B E Reese et al. Eur J Neurosci. 1999 Aug.

Abstract

The present study has used two different approaches for labelling progenitor cells at the optic vesicle stage in order to examine patterns of clonal expansion and cellular dispersion within the developing retina. X-inactivation transgenic mice and chimeric mice expressing the lacZ reporter transgene were examined during development and in adulthood to study the radial and tangential dispersion of proliferating neuroepithelial cells and postmitotic retinal cells of known identities. Chimeric retinas were used to measure tangential dispersion distances, while transgenic retinas were used to assess the frequency of tangential dispersion for individual populations of retinal neurons.

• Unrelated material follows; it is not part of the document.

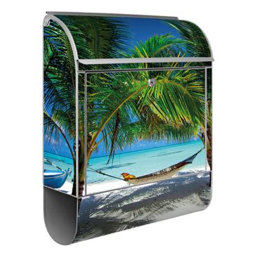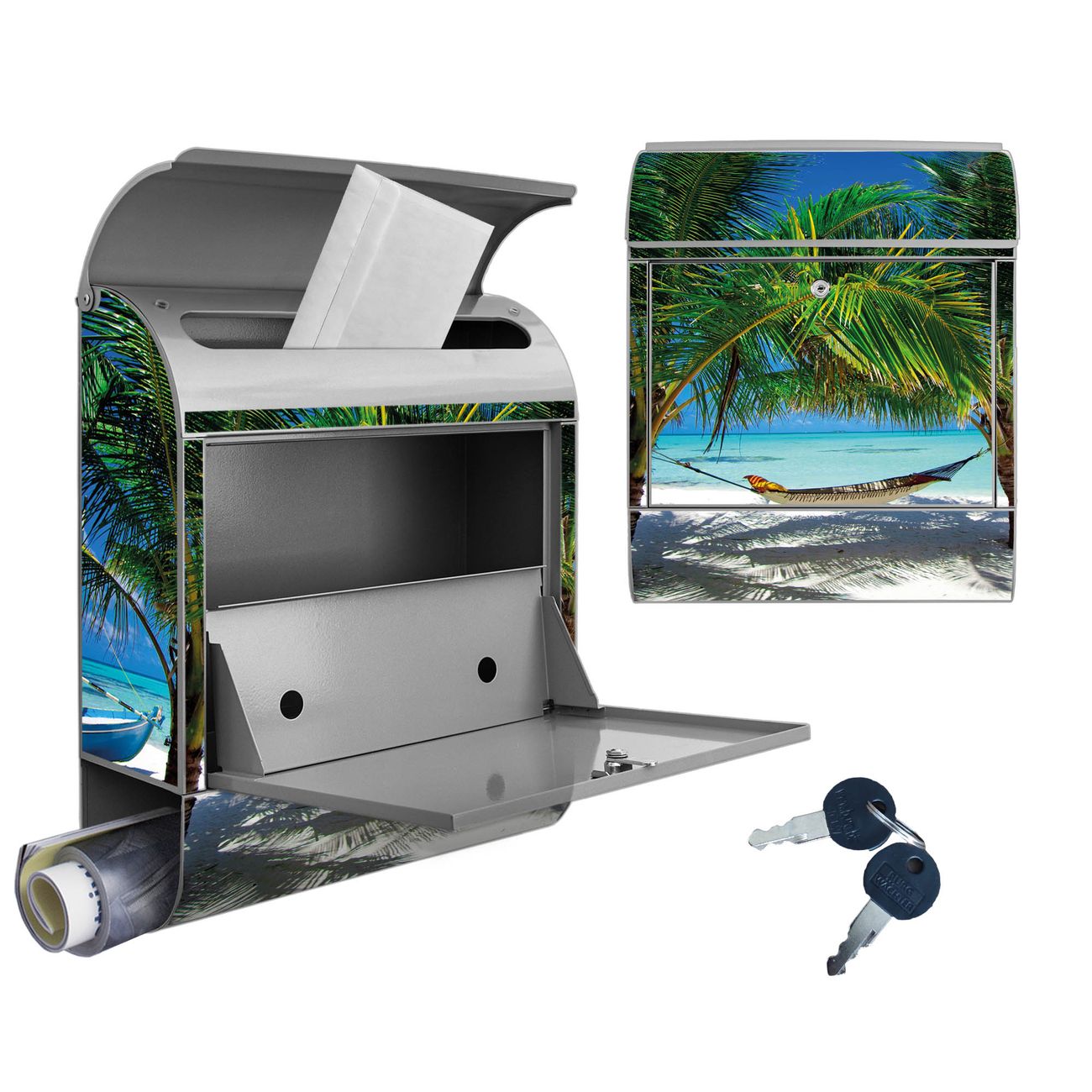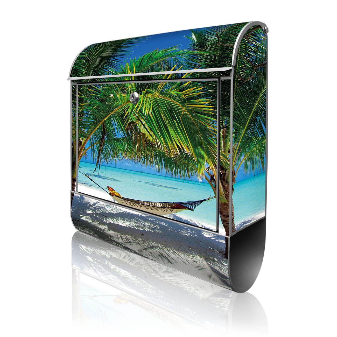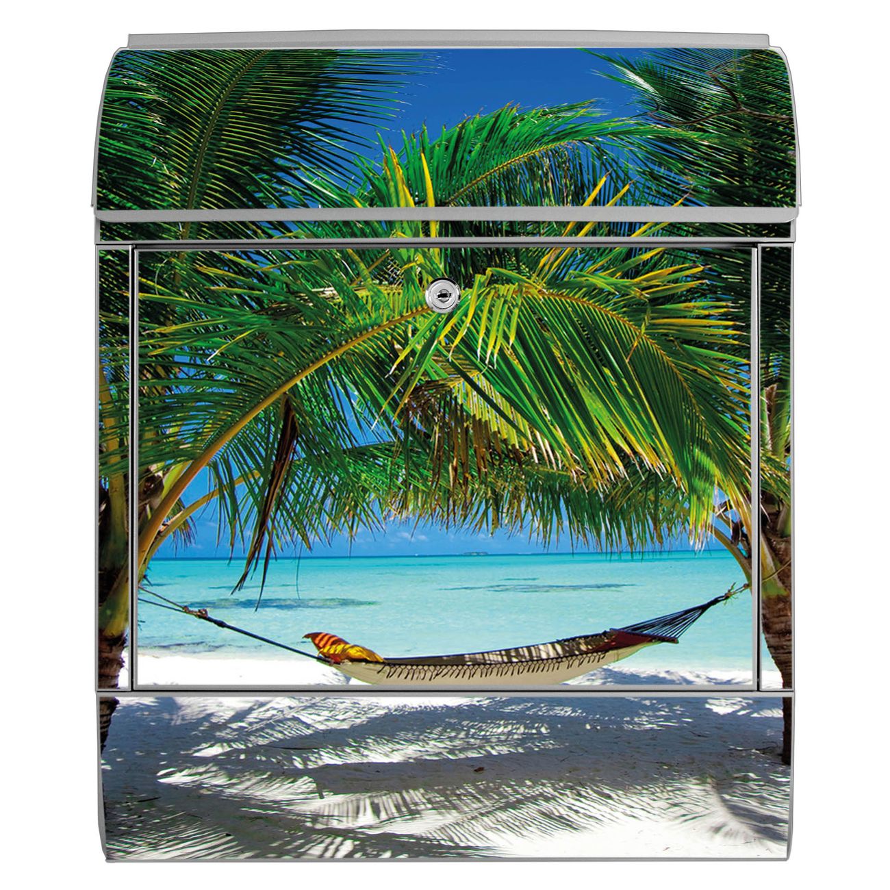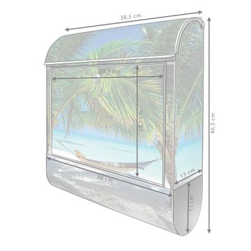 DESIGN: Der Postkasten mit Motiv Motiv Strand hat ein sehr ansprechendes und ausgefallenes Design, damit entlocken Sie Ihren Nachbarn und dem Postboten ein Lächeln. Heben Sie Sich von der tristen grauen Masse ab, ohne auf Funktionalität zu verzichten. DETAILS: Der Postkasten besteht aus pulverbeschichtetem Stahl. Er ist 38x46x12,5cm groß. Das Motiv besteht aus einer wetter- und UV-resistenten Folie, die mit einem Schutzlaminat überzogen ist, sodass der Briefkasten zusätzlich vor Kratzern geschützt ist. Der Briefkasten wird mit Montagematerial, zusätzlich zwei Schlüssel sowie einer Bohrschablone geliefert. NUTZEN: Sie können diesen Briefkasten sowohl als Wandbriefkasten montieren oder einen passenden Ständer kaufen und als Standbriefkasten einbetonieren. Die Größe bietet genügend Platz für Sendungen aller Art, der Einwurf fasst auch größere A4 Sendungen. BANJADO: Ihr Briefkasten wird in Sachsen in einer kleinen Manufaktur von Hand veredelt. Die Motivfolie ist lösungsmittelfrei und schutzlaminiert für einen langen Halt. Wir legen großen Wert auf die Verbindung von Funktionalität und Design. Sie erhalten Handarbeit aus Sachsen.

Tangential dispersion is shown to be a universal feature of particular retinal cell types, being contrasted with the strictly radial dispersion of other cells. Tangential dispersion is a relatively short-distance phenomenon, with distinct dispersion distances characteristic for cone, horizontal, amacrine and ganglion cells. Embryonic and postnatal retinas show that tangential dispersion occurs at different times for these distinct cell types, associated with their times of differentiation rather than their neurogenetic periods. These developmental results rule out the possibility that tangential dispersion is due to a passive displacement produced by the proliferation of later-born cells, or to the lateral dispersion of a dividing sibling; rather, they are consistent with the hypothesis that tangential dispersion plays a role in the establishment of the orderly spatial distribution of retinal mosaics.